If, then, death is a problem for which Judaism offers no solution, and for which Christianity offers no solution in the packaging of a solution, then perhaps neither is really all that different from Buddhism, which responds with something of an Alfred E. Newman’s “What, me worry?” in its assertion that there is, per Thich Nhat Hanh’s No Death, No Fear, no problem to solve. Which religion you prefer, at least as far as death goes, becomes a matter of taste: do you like your lack of information straight up (Judaism’s “Socratic” silence), on the rocks (St. Peter, the rock upon which Jesus built his church, is also the one who meets you at the pearly gates, which legend is another fancy way for Christians to say they have no idea about what happens after death), or with a twist (the Buddhist twist, of course, is that you can’t say anything about nothing). But whichever of the three you choose, if you want answers you still have to wait until you die. Which leaves me and Chilly still feeling a little unsettled.

My first reading assignment to expand my general fund of Jewish knowledge beyond its current meager mish-mosh is James Carroll’s Constantine’s Sword: The Church and the Jews, a history of “the profoundly troubling two-thousand-year course of the Church’s battle against Judaism.” In his reckoning with the legacy of the Holocaust and its implications for Christianity, Carroll writes the following about death:

“The alternative to thinking of God as a ‘cosmic sadist…an eternal vivisector,’ … is to stand before the unfathomable mystery of death- the death of Jesus, the death of one’s own son, the deaths of the six million- without attempting to understand it, and also without attempting to deny its character as a terrible outbreak of evil. It is here that these questions break out of any narrow reference to religion, Christian or Jewish, to press against the awful anxiety that every human must feel in the face of death.”

Carroll clearly hasn’t been reading his Thich Nhat Hanh. But if we momentarily set aside the possibility that one can overcome death terror via awakening (making enlightenment something of an Odd Couple with the previously tabled Rapture; I see Jerry Falwell as Felix Unger and Thich Nhat Hanh in the role of Oscar Madison), then we can locate my constant Chilly-an fear of death in the understanding of death as “a terrible outbreak of evil.”

Humans seem incapable of perceiving the presence of evil as anything other than the absence of God; see the failure of every attempted theodicy as well as Jesus’ own “My God, my God, why have you forsaken me.” Death as understood by Carroll, death as evil, then, is death as abandonment. Bringing us right back to my earlier question of whether the fear of death and the fear of being cut off from love are the very same thing.

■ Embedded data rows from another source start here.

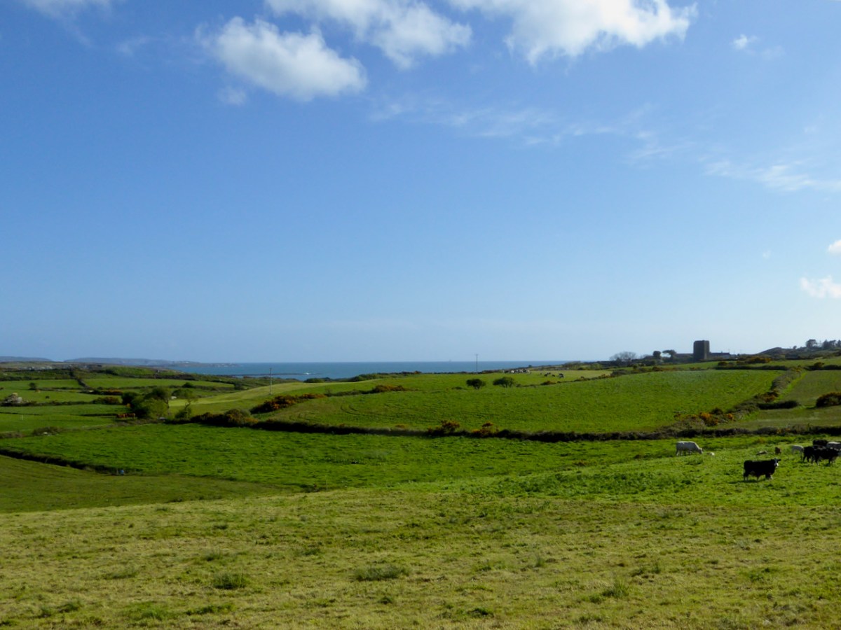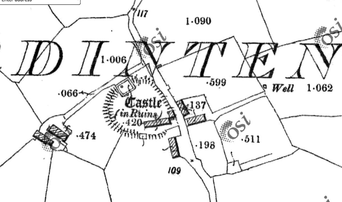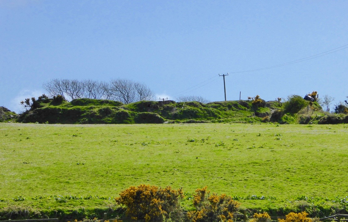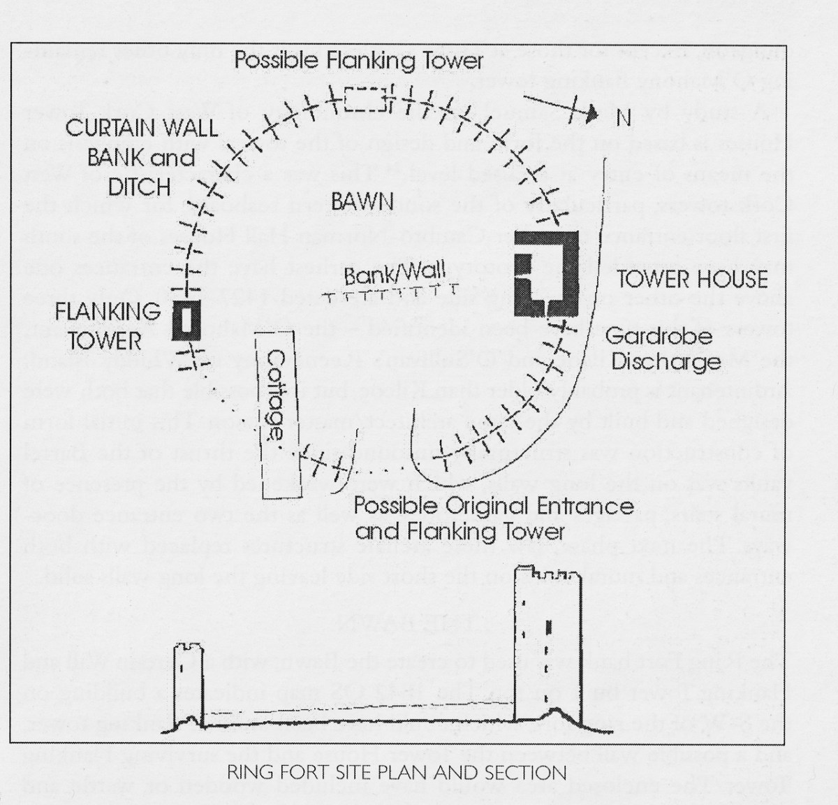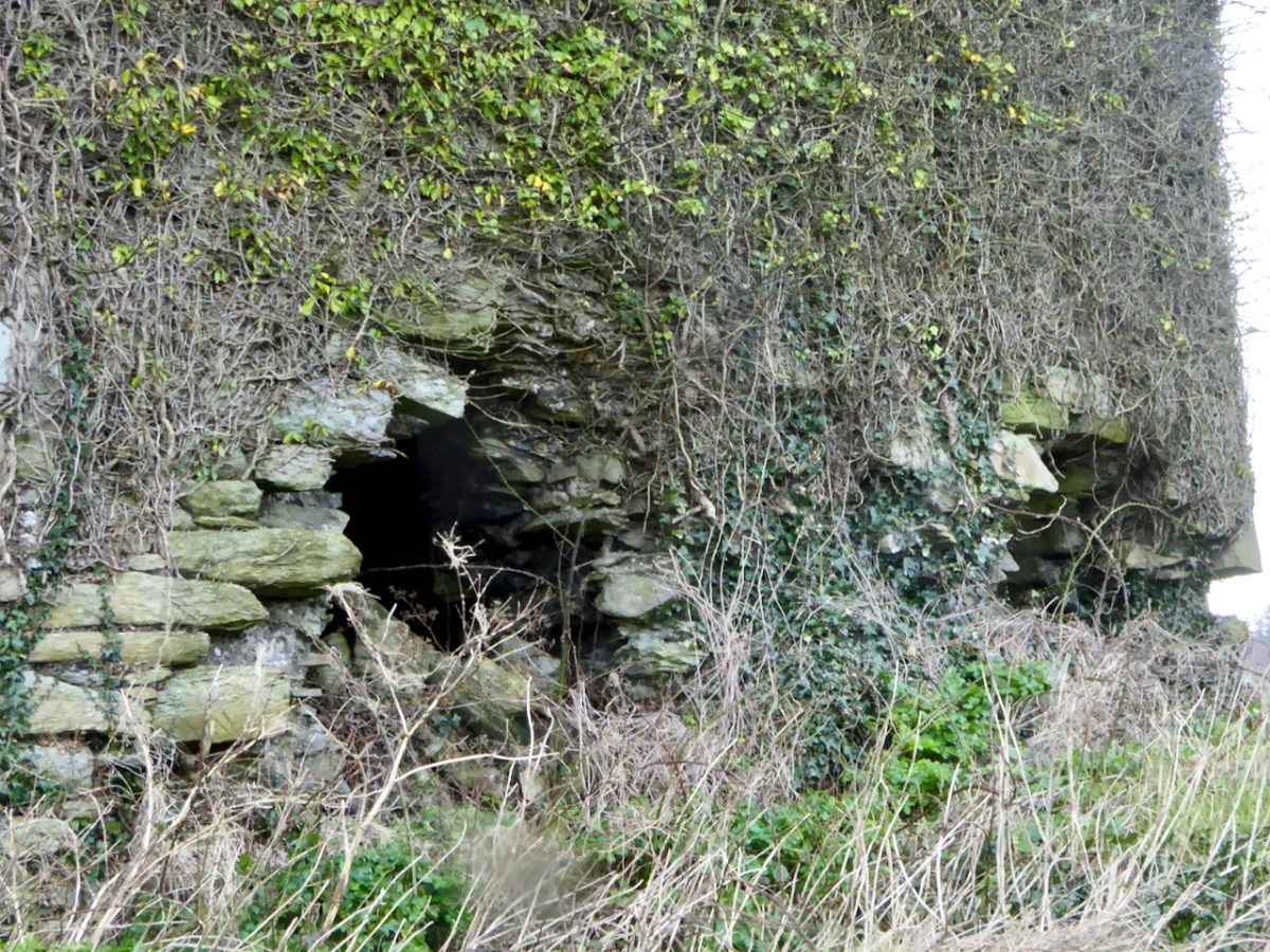 The presence of the ringfort raises an intriguing prospect since it appears that instead of the usual rectangular bawn, surrounded by a stone wall (see the illustration in this post), we have a round bawn, with the stone wall built on top of the bank of the ringfort. Although that stone wall is not obvious now, it is noted in the description of the ring fort in the National Monuments survey. Thus, what we have here is a hybrid ring fort/tower house – a sensible adaptation of a pre-existing fortification and a continuation of the site as a high-ranking residence. The National Monuments survey also refers to an external fosse, although traces of it are hard to see on the ground. If it was originally a substantial ditch, another possibility is that the bank was surrounded by a moat.
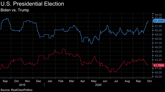 RealClearPolitics数据显示,10月12日,乔·拜登的民调支持率平均为52.3%,唐纳德·特朗普为41.7%。
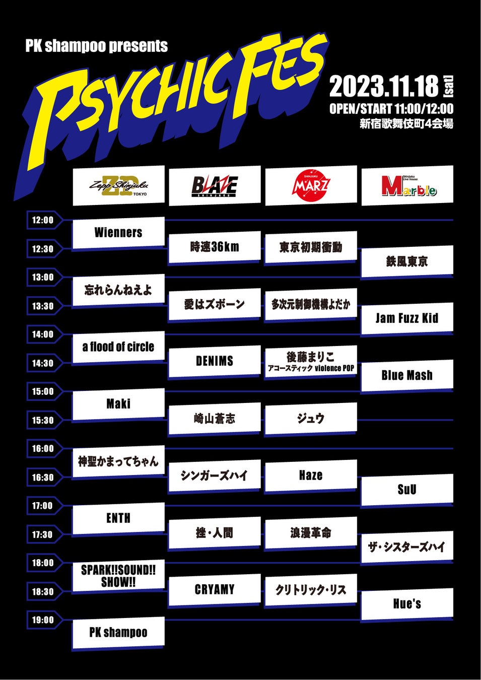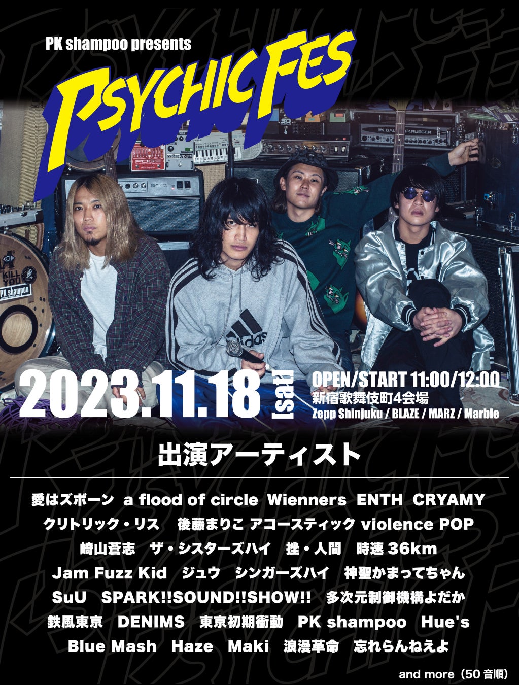 11月18日(土)にPK shampooプロデュース・サーキットフェス「PSYCHIC FES」が初開催される。Zepp Shinjukuを中心として、新宿BLAZE、新宿MARZ、新宿Marbleの新宿歌舞伎町一帯のライブハウス4会場にて行われるが、全会場における出演アーティストのタイムテーブルが本日発表となった。「PSYCHIC FES」は、ライブシーンを盛り上げようとPK shampooと縁の深いアーティストを中心に現在総勢28組のアーティストの出演が発表され大きな話題となっている。チケットは絶賛一般発売中。まだチケットを入手していない方は是非早めに購入してほしい。
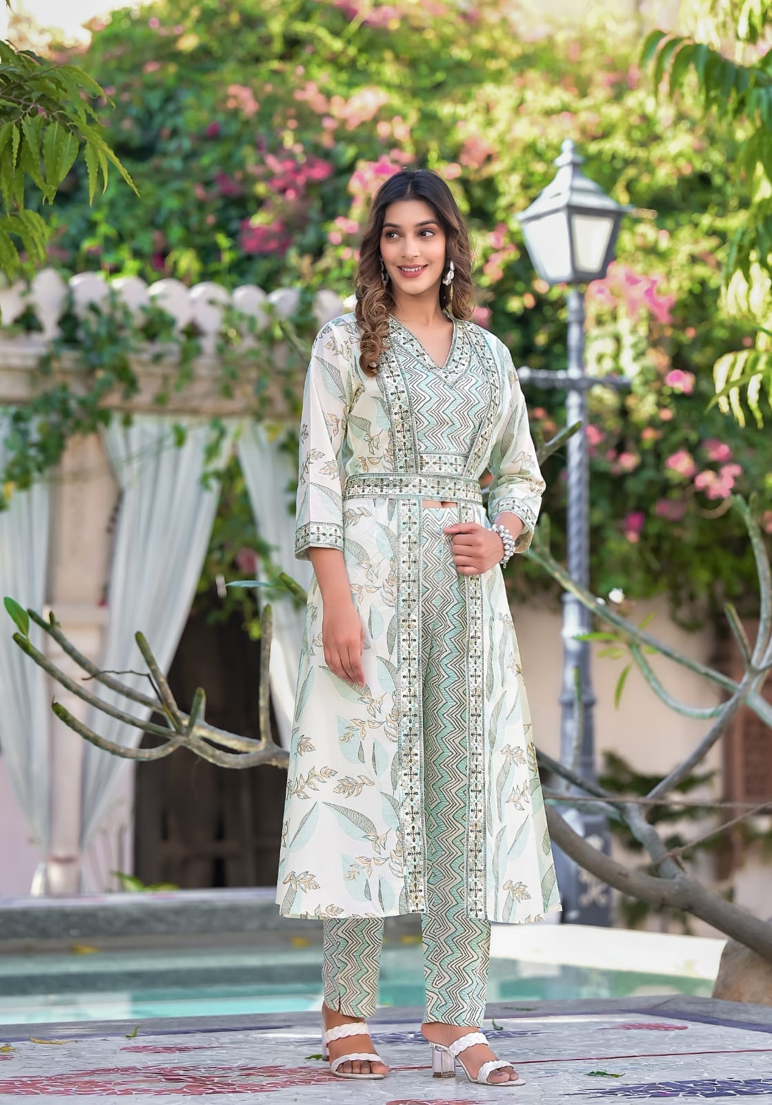 | This Green Coord Set will add a touch of charm to your wardrobe. The outfit is paired with a shrug and a belt. |

Wait for it…wait for it… Enter, stage left, Sigmund Freud, by way of his signature “Tell me about your childhood.” Because it is in early childhood and its inevitable encounter with all too human parenting that we first experience the withholding of love, that we get our very first taste of death. Becky Bailey, in her brilliant manual for managing children’s difficult behaviors, Conscious Discipline, captures this process succinctly (just substitute “parent” for “teacher”):

“Most teachers accept the premise that when a child makes a decision an adult likes, the child has earned encouragement. This is demonstrated by teachers praising children for ‘good’ behavior. The underlying message is, ‘When you do what I want, you earn my love. When you ignore what I want you to do, I will withhold my love.’ Many adults have internalized this kind of thinking. Many of us desperately seek approval and try so hard to please for this reason. We act appropriately not because we love others, but because we fear they won’t love us.”

By this same logic, I would argue that we desperately seek God’s approval in the hopes that we will never die, even as we know beyond a shadow of a doubt that abandonment, and the concurrent outbreak of unfathomable evil, is inevitable. Even as we earn God’s love, “We’re doomed.”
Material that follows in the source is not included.